Juiced Performance

Sometimes one need only look at the circumstances to determine the results are juiced.  Barry Bonds, Lance Armstrong and this guy.  Hopefully you’ve not been dieting on bull testicles and dried animal organs for the past couple of years striving to live your best “primal” life, only to be disappointed in the results.  I’m no body builder, but at a glance, and absent any knowledge of this man’s history and supposed development of his physique, I’d instantly conclude one thing:  juice. 

It turns out juicing is everywhere, even in commercial real estate.  You see, results are not always what they seem.  There’s a common practice, for example, of “buying up” net operating income (“NOI”) by structuring a transaction to have a higher rental rate by giving more concessions (free rent and tenant improvement allowance).  Why do this?  Well, because it can pay off in the form of increased capitalized asset value on a sale since NOI is a big determinant of asset value (e.g., higher NOI, higher value).  You could have two buildings, comparable in every way, both for sale at the same time but having a significant difference in capitalized “value” because one of the owners structured the leases with higher face rates and more concessions and the other achieved lower rents but funded less in concessions.  From the occupier’s perspective, where most companies are looking at total occupancy cost, which includes rent and capital spending and considering most companies will use GAAP accounting to straight line the rent expense, the impact of a lease with an artificially high rent but more concessions is a relative wash to one in which the rate and concessions are at market.  But this juicing of the results does have longer range negative impacts.  Firstly, it results in a higher valuation at sale, translating to a greater tax increase, which in the context of San Francisco office leases is most always passed on directly to the occupier, resulting in higher rent.  Secondly, articially inflated rents have the effect of raising the overall base value of the market, making it more expensive.
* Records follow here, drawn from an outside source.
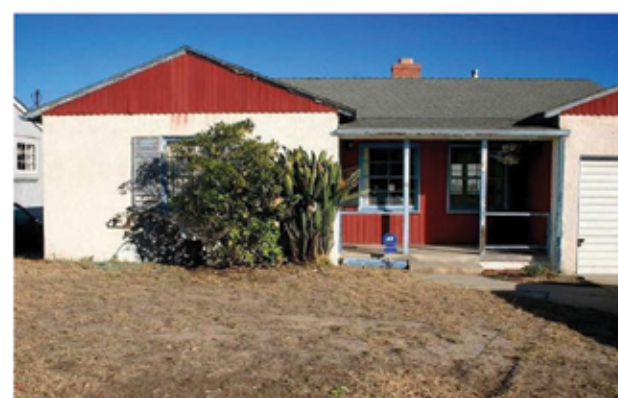
610 Sierra St. List Price: $799,000 55 Offers Pending at well over the list price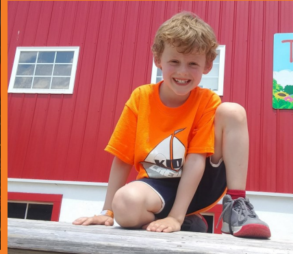
OSA — Are On Site Adventures!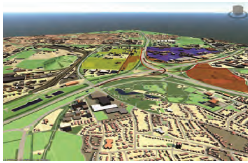
Help build stakeholder support with realistic project visuals.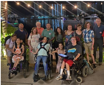
Photo of NAACA team at ISAAC Cancun Conference.

We are creating a culture where every communication style is valued, supported, and celebrated.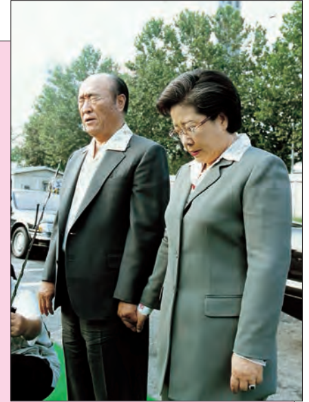
True Parents pray at the Yoido Holy Ground on their arrival in Korea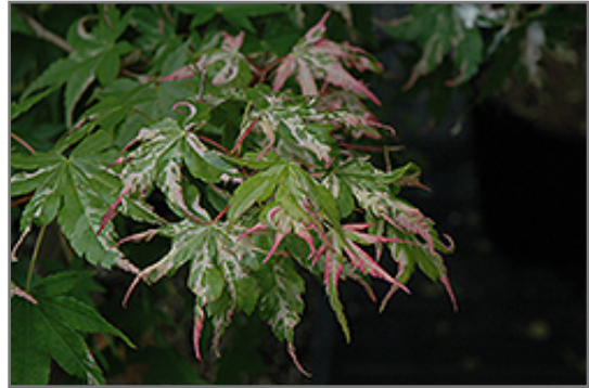
Oridono Nishiki Japanese Maple foliage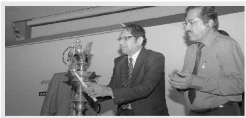
Inauguration of ACE 10/ 10 (Pediatricians as Adolescent Health Ambassadors) Program in Delhi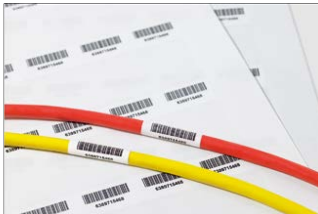
Laminating the mark gives long-term print survivability.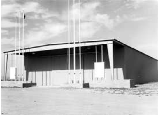
Fair building, May 18 1961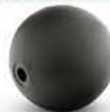
2" Spherical Polyolefin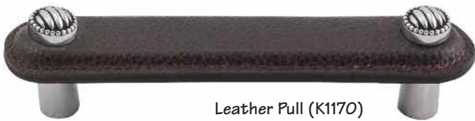
Leather Pull (K1170)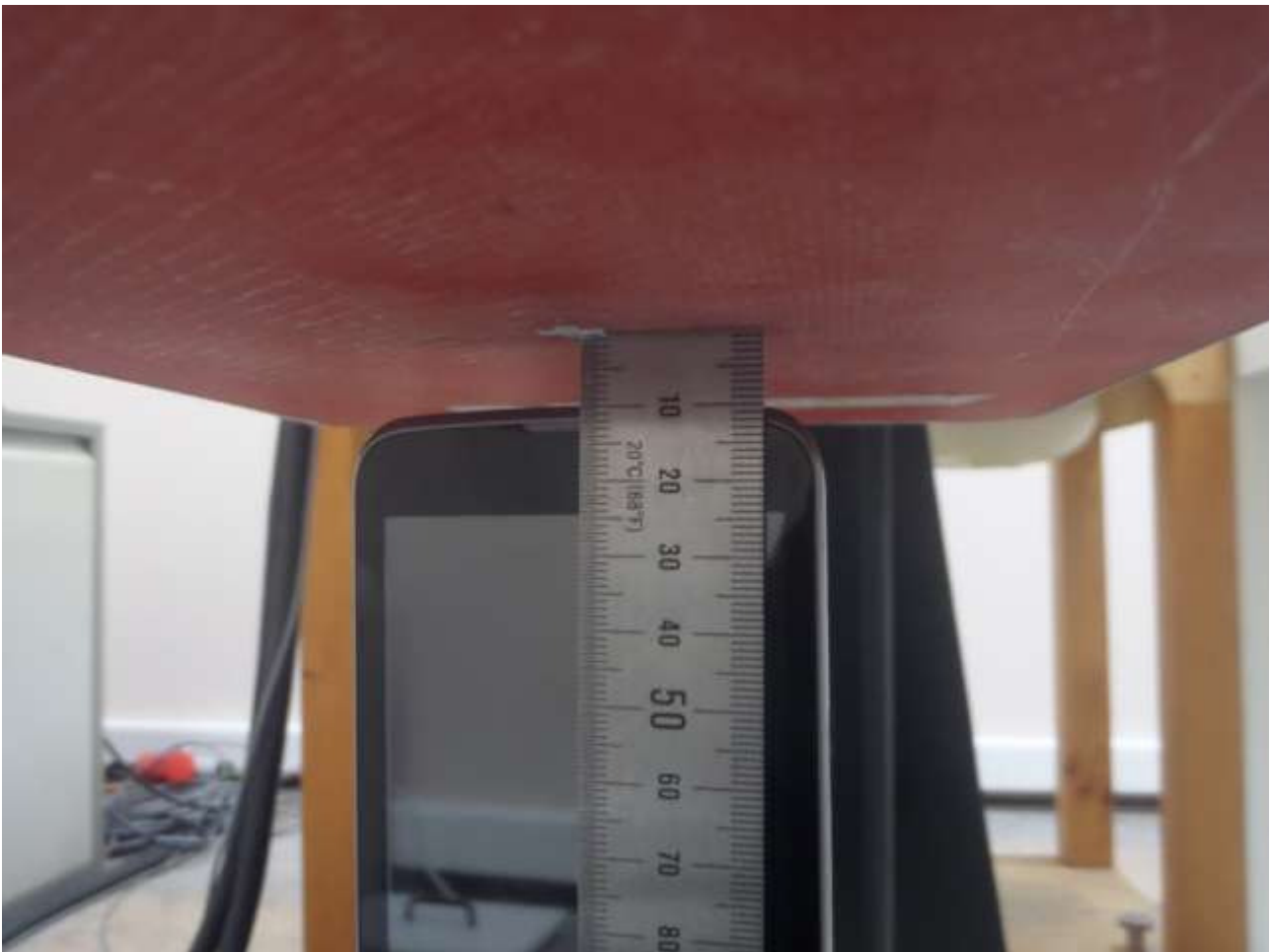
[Distance of 1.0 cm from the EUT]

Of course, a lease is a complex financial transaction which has many variables, including term, rate, landlord funded concessions (free rent and tenant improvements).  The market is whatever the counter parties make it.  But make no mistake, financial engineering, or “juicing” is everywhere.  Given the significantly changed outlook for global office, investors will be less agreeable to paying premiums for juiced performance.  How will they know?  It’s in the leases; which, like a sample of the Liver King’s bloodwork, will clearly show the juice.